- Born: April 28, 1922 Dillsboro, Indiana
- Died: August 3, 2008 (aged 86)
- Education: Purdue University, University of Cincinnati

= Gloria Niemeyer Francke =

American pharmacist

Gloria Niemeyer Francke (April 28, 1922 – August 3, 2008) was an American pharmacist. She became assistant director of the American Pharmacists Association (APhA) Division of Hospital Pharmacy (1946–1956); executive secretary of the American Society of Hospital Pharmacists (1949–1960); and research associate for the Audit of Pharmaceutical Service in Hospitals (1956–1964).

A native of Dillsboro, Indiana, Gloria Niemeyer earned her B.S. degree in Pharmacy from Purdue University in 1942 and her Pharm.D in 1971 from the University of Cincinnati.

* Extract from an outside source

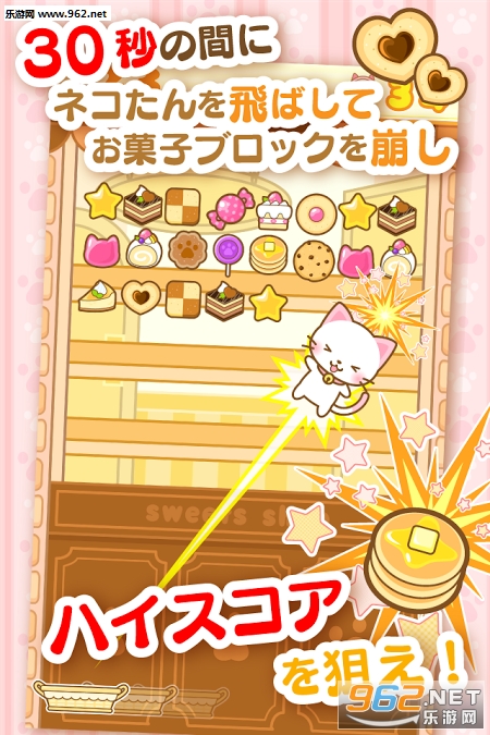 《猫咪的点心破坏》是是一款日系风格的闯关小游戏,来自日本Qmax Inc.推出的最新作品,以可爱的喵星人为主角,围绕美食元素展开,为了获得自己的美味而战斗,破坏那些方块让美食释放,超甜美的画风,适合女性玩家。

She then served as a drug literature specialist at the National Library of Medicine (1965–1967); as a clinical pharmacy teaching coordinator for the Veterans Administration Hospital in Cincinnati (1967–1971); as secretary of the American Institute of the History of Pharmacy (1968–1978); and as Chief of the program evaluation branch in the Alcohol and Drug Dependence Service, Veterans Administration (1971–1975).

She rejoined the APhA staff (1975–1985) and was elected Honorary President in 1986 and received the Remington Honor Medal in 1987.

She served as a member of the APhA Foundation Advisory Committee. The society's Gloria Niemeyer Francke Leadership Mentor Award is named for her.

Francke became the first executive secretary of the American Society of Health-System Pharmacists [ASHP] in 1949 and was Associate Editor of the American Journal of Hospital Pharmacy from 1944 to 1964.

In 1995, Francke was awarded the Donald Francke Medal by the American Society of Hospital Pharmacists for "significant international contributions to advance pharmacy practice."

==Journalism and publications==
Francke's journalistic achievements include:
- Assistant editor of the Journal of the American Pharmaceutical Association, 1946–1947
- Associate editor of the American Journal of Hospital Pharmacy, 1944–1964
- Co-author of Mirror to Hospital Pharmacy (1964) and Perspectives in Clinical Pharmacy (1972)

==Marriage==
She was married to Donald E. Francke, who founded Drug Intelligence (now Annals of Pharmacotherapy). Following his death in 1978, she became the owner of Drug Intelligence Publications.